'Systems-As-Art' In Games
GameSetWatch has an interesting essay about the relationship between games and art. Matthew Wasteland discusses the difficulty in translating other artistic creations to video games, giving Moby Dick as an example. "If Melville had so much as allowed for any possibility at all where Captain Ahab 'wins,' no matter how remote, the work's message and its interpretation of the world completely changes. Instead of destiny and fate, we would now speak of probability and chance." He then goes on to examine whether the logic systems and rules that define a game can achieve the status of art. "Distancing the work from the 'entertainment' of popular games is fine, but even the most artsy, obscure and difficult works must connect with an audience somehow. I am not sure a system of rules by itself is the best method to achieve that. If rules are art, could not one just as easily publish a rulebook, and leave it at that?"
There are rules when reading music, or reading poetry. You don't read a book backwards, or watch a movie from the middle.
Games are not only going to be handicapped by their interactivity; they're also going to be handicapped by their setting. After 100 years science fiction still hasn't escaped its literary ghetto, and a large percentage of games incorporate science fiction aspects.
...that may not be true. For example, nothing says you can't have a game which forces Ahab to lose. See 9:05 from your favorite interactive fiction archive for an example, or for a more graphical one think about the original 'Postal'. You can make the *gameplay* the point rather than the ending, if you're good enough at it. It does, however, produce a stress on the gameplay designers which is quite different from that of the writer, and it is a mechanic which is not nearly as *common* as the twist ending in stories.
A hero is someone who knows when to run away.
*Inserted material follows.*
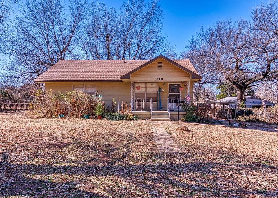 Living is open to the dining room and kitchen. Bedrooms are both good size. One full bath on main level and another full bath in basement. Basement is not considered in square footage. This property includes 5 city lots! Mature trees, with a few of them being Pecan producing. Underground storm shelter located on north side of home.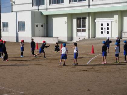 キックベースボールの練習をしています。今日は、まず、投げられたボールをけって走ること、ボールをキャッチすることを中心に練習を進めています。

I am a hero. -Trent the Uncatchable
While I would say that there are very few games that have noticeable depth as literature, that doesn't mean that's inherent in the medium.
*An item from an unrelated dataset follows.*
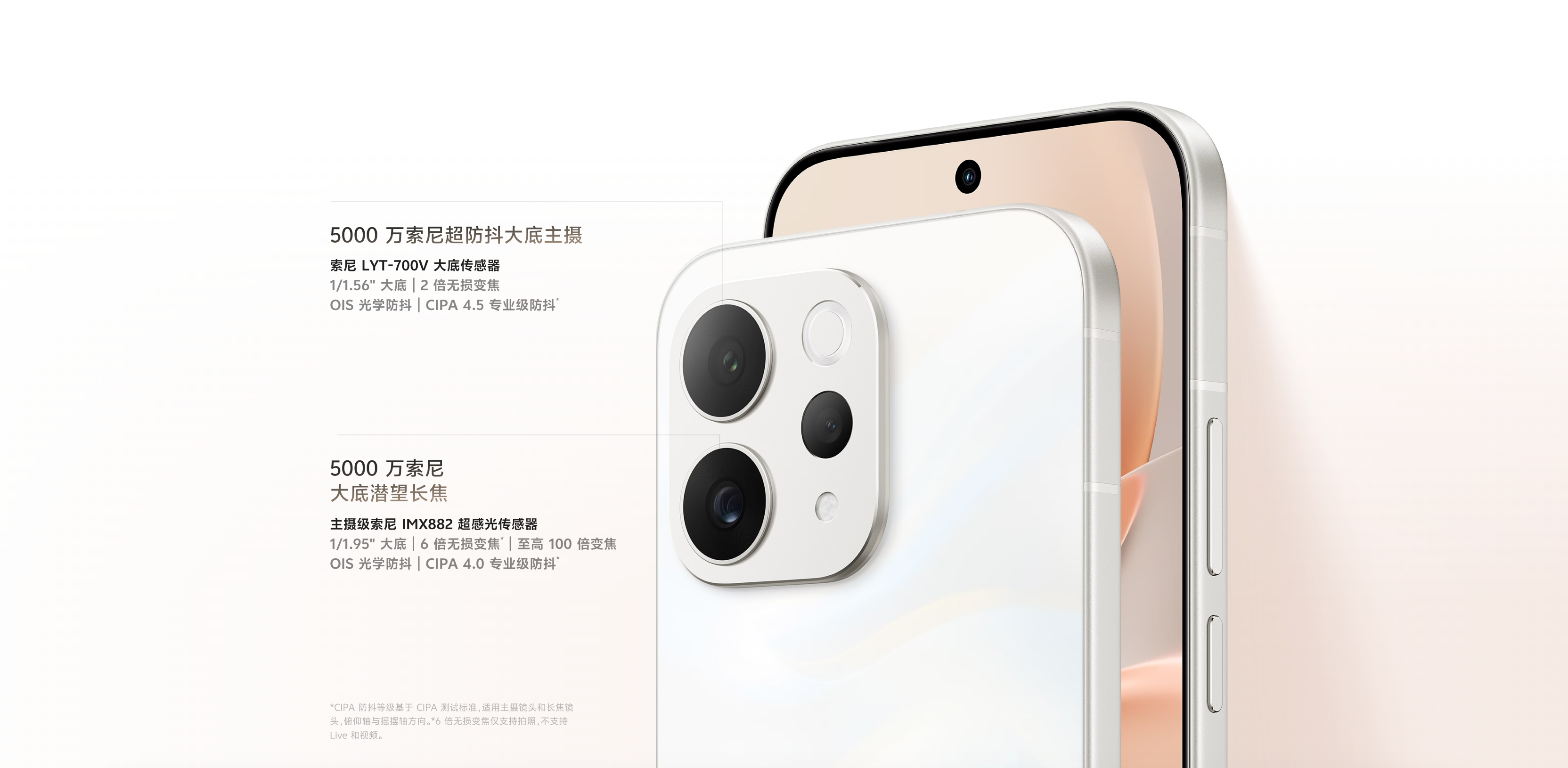 - กล้องหลัก Sony LYT-700V ความละเอียด 50MP (f/1.88) ขนาด 1/1.56 นิ้ว ออโต้โฟกัส และระบบกันสั่น OIS (CIPA 4.5)

For that matter, very few movies have as much depth as novels, even novelizations of movies explore areas that the movie simply can't reach, and that doesn't mean movies aren't art. Not all games are "play balanced", and not all books are "Moby Dick".
And speaking of Moby Dick...
There are plenty of stories where the ending would be just as satisfying and meaningful if you got there by a different path, or even with a different character. Getting there can even give you an appreciation of the trials of the protagonist that you wouldn't gain if success or failure didn't depend on your decisions.
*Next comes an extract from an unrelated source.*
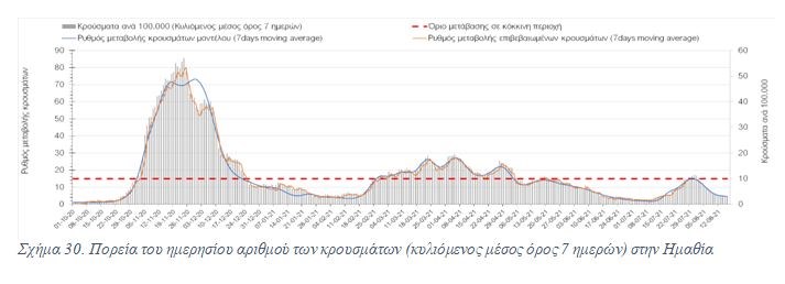 Σχήμα 30. Πορεία του ημερησίου αριθμού των κρουσμάτων (κυλιόμενος μέσος όρος 7 ημερών) στην Ημαθία

And play-balance doesn't mean giving Ahab a chance to live, there are plenty of games where it's impossible to "win" one side, and the "victory conditions" are based only on how well you lose. There are even games where the story is almost completely fixed, and all you can do is spend more or less time exploring the scenery.
This is silly. What is art? Is Beethoven's 9th Symphony not art, simply because its meaning is decided upon by the listener and not by predefined plot elements?
If everything had to have a predefined "plot" in which only one thing could happen in order for it to be art, then things would be rather bleak indeed. One of the best things about art is that it can elicit different emotions and ideas from different viewers.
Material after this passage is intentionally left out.